Sobotnie spotkanie rozpoczęło się bardzo dobrze dla podopiecznych trenera Krzysztofa Knychały. Już w drugiej minucie meczu naciskany przez Kacpra Borowiaka golkiper gospodarzy popełnił błąd i wybił futbolówkę wprost pod nogi Jakuba Płotkowiaka. Pomocnik Obrzanki precyzyjnie uderzył z pierwszej piłki i wyprowadził Obrzankę na prowadzenie.
Kolejne minuty to przewaga Obry, jednak w poczynaniach zawodników z Kościana było dużo niedokładności a sytuacje bramkowe, które sobie stwarzali niestety były marnowane.
Polonia Kępno do wyrównania doprowadziła w czterdziestej piątej minucie. Dośrodkowanie z prawej strony boiska w pole karne zakończyło się samobójczym trafieniem Kacpra Czuby, który naciskany przez Remigiusza Pastuchę wpakował piłkę do własnej bramki.
Po zmianie stron gospodarze ruszyli do ataku i ich gra wyglądała zdecydowanie lepiej.

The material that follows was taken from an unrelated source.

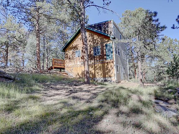 Set a time now to see this 3-bedroom, 3-bathroom home in a peaceful neighborhood where deer wander freely and the mountain lifestyle unfolds right outside your door. Resting on a flat, usable acre surrounded by trees, this property offers privacy, space, and the chance to create the mountain retreat you’ve been dreaming of. Inside, the open layout provides room to gather and grow, while the upstairs bedrooms’ mountain views remind you daily why you chose Colorado. The exposed beam ceilings with tongue-and-groove wood planks creates a timeless mountain aesthetic, a style often found in ski cabins and rustic contemporary homes, adding warmth, architectural character, and a natural feel to the space. The fenced area is perfect for pets to roam safely, and there’s ample space to add a garage or workshop. Recent updates include many new windows, half the roof replaced with durable metal, and new cement siding on 2 sides of the home. While the home needs some finishing touches, it’s priced to reflect the opportunity, inviting you to bring your vision and make it truly yours. Whether you imagine cozy nights by the fire, mornings watching deer graze, or weekends spent exploring the foothills, this home is a canvas for the lifestyle you’ve been longing for.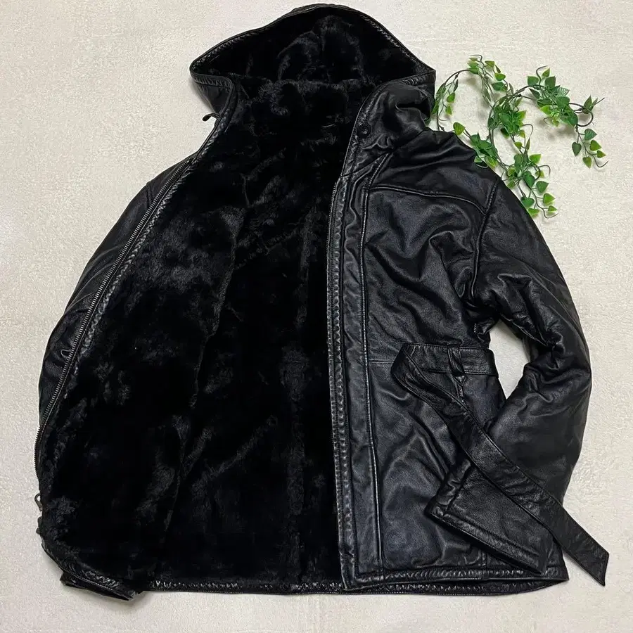 • And A 가죽 자켓 42 블랙 후드 집업 천연 가죽 리브

Można powiedzieć, że dominowali oni na placu gry i stworzyli sobie dwie bardzo groźne sytuacje do zdobycia bramki, ale na szczęście oba okazały się niecelne.

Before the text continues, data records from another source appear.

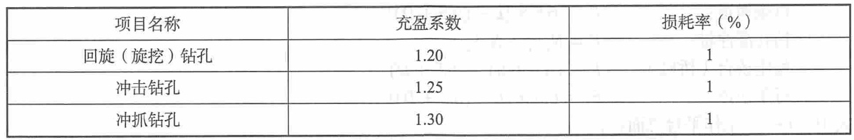 十八、灌注桩混凝土均按水下混凝土导管倾注考虑,采用非水下混凝土时混凝土材料可抽换。项目已包括设备(如导管等)摊销,混凝土用量中均已包括了充盈系数和材料损耗(见下表),不得另行计算。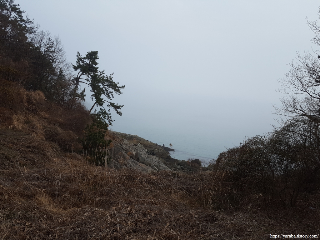 삼여도 해안에서 시작한 거친 길은 언덕 위로 올라서면 끝나고 평이한 숲길이 이어진다. 삼여도 해변에서 들어온 것으로 보이는 갯바위 위의 낚시꾼들의 수다 소리가 고요한 숲을 울린다. 해무가 가득하여 먼바다가 보이지 않는 잔잔한 바다에서 낚시를 하면 호수에서 민물낚시를 하는 느낌이 들지 않을까? 하는 상상도 해본다.
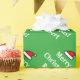 Personalized name green Santa Claus hat Christmas wrapping paper. Personalizable giftwrap text for custom seasons greetings and name of child. Customizable background colour and text for your Holiday wishes or funny note. Surprise your friends and family during the Holidays. Cute custom Santa Clause hat design for xmas party favours and presents. Suitable for men, women and kids (boys or girls). Whimsical typography. Green and red colours. Fun gift wrap for mom, dad, son, daughter, sister, children etc. Custom DIY X-mas accessories and supplies for wrapping presents. Add your own name to this template.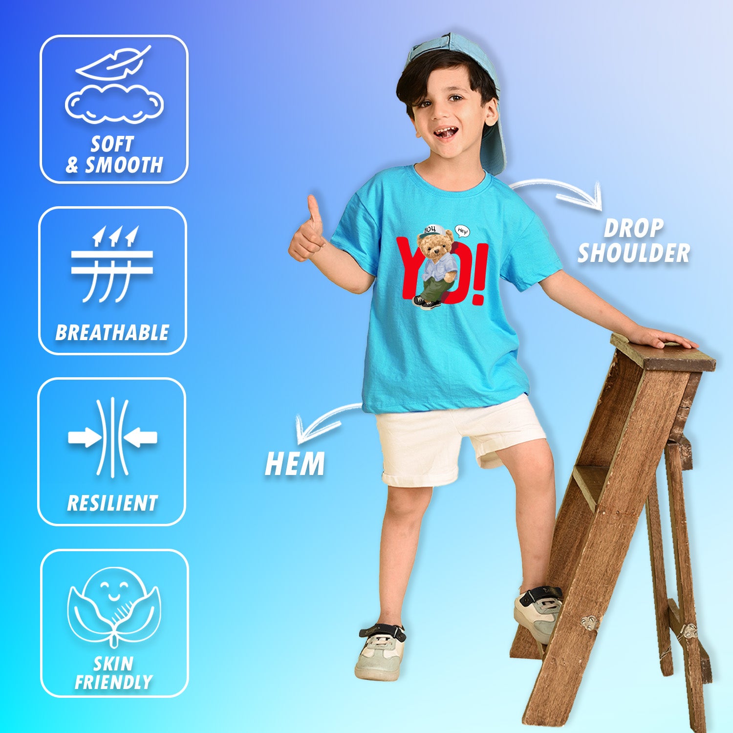 Nusyl Boys Sky Blue Teddy Bear & Text Printed Short sleeve Cotton Blend Oversized T-shirts

Gdy wydawało się, że sobotnie spotkanie zakończy się podziałem punktów w ostatniej minucie regulaminowego czasu gry indywidualną akcję z lewej strony boiska przeprowadził Piotr Sznabel, wpadł z futbolówką w pole karne i uderzeniem w krótki róg bramki zapewnił Obrzance komplet punktów w Kępnie.